Using bitwise OR 0 to floor a number

Question

A colleague of mine stumbled upon a method to floor float numbers using a bitwise or:

var a = 13.6 | 0; //a == 13

We were talking about it

Answer 1

Javascript represents Number as Double Precision 64-bit Floating numbers.

Math.floor works with this in mind.

Bitwise operations work in 32bit signed integers. 32bit signed integers use first bit as negative signifier and the other 31 bits are the number. Because of this, the min and max number allowed 32bit signed numbers are -2,147,483,648 and 2147483647 (0x7FFFFFFFF), respectively.

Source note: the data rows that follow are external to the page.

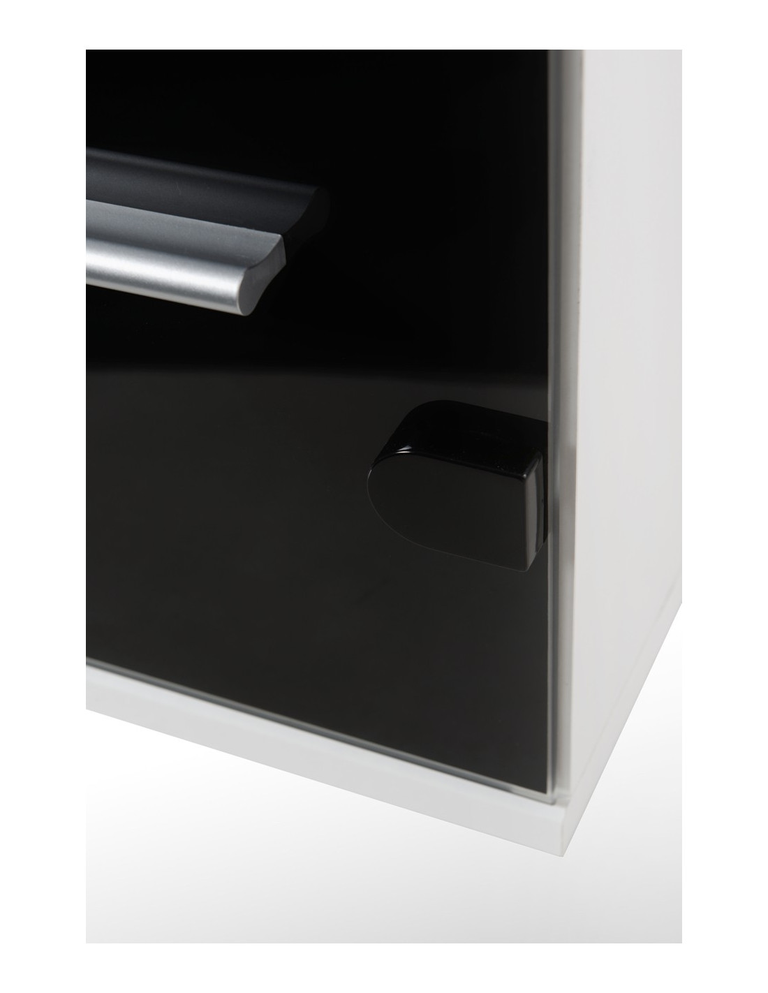 LIAM är en elegant mediamöbel i svart och vitt med blå LED-belysning. Du monterar själv ihop väggenheterna, de levereras med en tydlig manual som gör monteringen snabb och enkel. Den vita kroppen är matt och fronterna är högglansigt svarta. Glasrutor i härdat glas. För TV på upp till 47 tum.
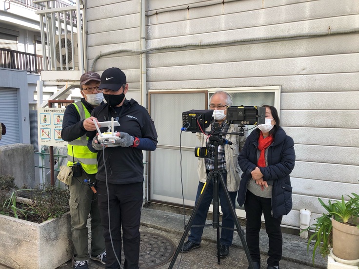 都内でドローンを飛ばすのには事前に警察に届け、保健所の近所の家々に事前に挨拶をするなど、大変です。ドローン撮影のプロの方にお任せでしたが、無事に終わってホッとしています。
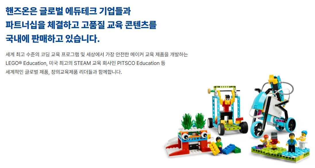 핸즈온은 2011년 LEGO® Education을 시작으로 세계 유수의 에듀테크 기업들과 공식 파트너십을 체결하고 초·중·고·대학교를 위한 다양한 솔루션을 제공하고 있으며, 2015년 서울 용산에 문을 연 로봇 코딩 체험관 ‘핸즈온캠퍼스’는 연간 3만 명 이상이 방문하는 로봇 코딩 체험 명소로 자리매김했습니다.
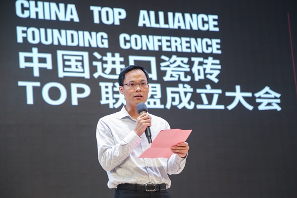 RAGNO中国区市场部总监陈柳莲担任成立大会主持人。会上,禅城区经济和科技促进局副局长黎国森致辞时对中国进口瓷砖TOP联盟的正式成立表示热烈的祝贺。随后他指出,进口这些原产自意大利及西班牙品牌的瓷砖,一是以陶为媒,落实国家一带一路倡议,支持国际间正常的贸易往来,构建开放型经济新格局。二是点燃创意,推动陶瓷转型创新驱动,助力佛山打造世界级陶瓷产业创新中心。三是更好满足人民日益增长的美好生活需要,立足国内,面向世界,让广大人民群众用上世界高品质产品。借用习近平总书记的话,“2000多年前,我们的先辈们就是怀着友好交往的朴素愿望,开辟了古丝绸之路,开启了人类文明史上的大交流时代。而今天的我们是传承古丝绸之路精神,积极参与 ‘一带一路’的交流与合作,走出去,引进来,互相促进,共同进步。这是历史潮流的沿续,也是面向未来的正确抉择。

So when you're doing | 0, you're essentially doing is & 0xFFFFFFFF. This means, any number that is represented as 0x80000000 (2147483648) or greater will return as a negative number.

For example:

 // Safe
 (2147483647.5918 & 0xFFFFFFFF) ===  2147483647
 (2147483647      & 0xFFFFFFFF) ===  2147483647
 (200.59082098    & 0xFFFFFFFF) ===  200
 (0X7FFFFFFF      & 0xFFFFFFFF) ===  0X7FFFFFFF

 // Unsafe
 (2147483648      & 0xFFFFFFFF) === -2147483648
 (-2147483649     & 0xFFFFFFFF) ===  2147483647
 (0x80000000      & 0xFFFFFFFF) === -2147483648
 (3000000000.5    & 0xFFFFFFFF) === -1294967296

Also. Bitwise operations don't "floor". They truncate, which is the same as saying, they round closest to 0. Once you go around to negative numbers, Math.floor rounds down while bitwise start rounding up.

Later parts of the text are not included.